La miró a los ojos con suficiencia y sonrió con lástima.

—No lo hagas, Inés. No puedo negar que tu interés por… volver me resulta halagador, y es evidente que eres una mujer hermosa, pero no tienes la sofisticación necesaria para el tipo de relación que estoy acostumbrado a mantener. No puedo negar que eres bella y resuelta, pero también eres altiva, fría y distante. He visto cómo tratas a los pobres infelices que revolotean a tu alrededor: les dejas que te admiren, que te cortejen, sabiendo que nunca te pondrás a su alcance. Pero yo no encuentro atractivas a chiquillas engreídas, demasiado conscientes de su propia importancia. Yo deseo a mujeres de verdad. Mujeres que saben lo que quieren, que no se asustan de su propia pasión, que conocen los deseos de un hombre y no los temen. Y sería una lástima que te pusieras en evidencia deseando volver, Inés. Por supuesto que habrá otros hombres que sepan apreciar los encantos que tan generosamente estabas dispuesta a ofrecerme, pero yo… En fin, mis gustos son más mundanos. Y, ahora, si me disculpas, mis pacientes me esperan. No soy para ti, Inés.
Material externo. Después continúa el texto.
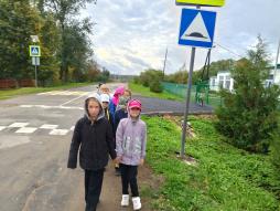 Обучающиеся из отряда ЮИД провели пешеходную экскурсию. Профилактическое мероприятие "Дом-школа-дом" проходило на пешеходном переходе вблизи школы.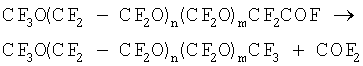 Для удаления фторангидридных групп продукт-сырец подвергается стабилизации элементарным фтором при t=180-260°С. После стабилизации полиперфторэтиленоксид является полностью инертным и имеет следующую формулу:
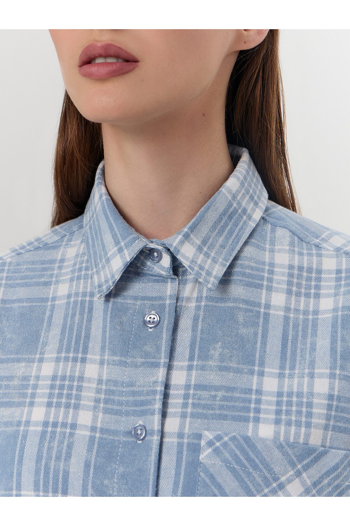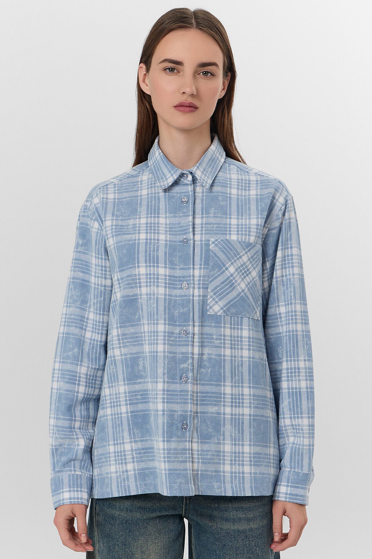 Женская рубашка из хлопка в клетку — современный базовый элемент гардероба, где классическая форма встречается с актуальным дизайном. Модель прямого силуэта с отложным воротником и длинными рукавами на манжетах создает выразительный образ. Нагрудный карман и застежка на пуговицы по всей длине и на манжетах подчеркивают продуманность деталей.

Espero que lo entiendas.

Y con aquellas palabras, salió del despacho sin volverse ni un instante a contemplarla.

Tuvieron que transcurrir varios segundos hasta que Inés consiguió que el aire llegara a sus pulmones. Un puñetazo no la habría noqueado con mayor eficacia. Permaneció sentada, con la cabeza dando vueltas, sin saber siquiera si respiraba. A pesar del calor que allí hacía, un frío glacial había calado hasta sus huesos, y apenas era capaz de comprender qué había sucedido.

Oh, pero qué estúpida era, se dijo cuando pudo ir rehaciéndose, a punto del llanto. Estúpida, necia, insensata… Con apenas una caricia aquel hombre había conseguido dejarla reducida al nivel de una idiota babeante, que se había lanzado de cabeza a insinuarse sin recato ni prudencia. Oh, Dios, en qué había estado pensando…

Aquel contacto tenue y ardiente le había hecho olvidar su dignidad, su decoro, su honor. Tratando de detener el torrente de humillación que agitaba su cuerpo, se secó las lágrimas con rabia y se levantó. Muy bien, si aquello era lo que aquel francés arrogante quería, aquello era lo que iba a tener. Se podía meter su maldito hospital por donde le cupiera. Ella, por su parte, volvería a ocuparse de lo que hacía antes de que él se entrometiera en su vida. Y a partir de ese momento, dedicaría todas sus energías a olvidar que alguna vez lo había conocido.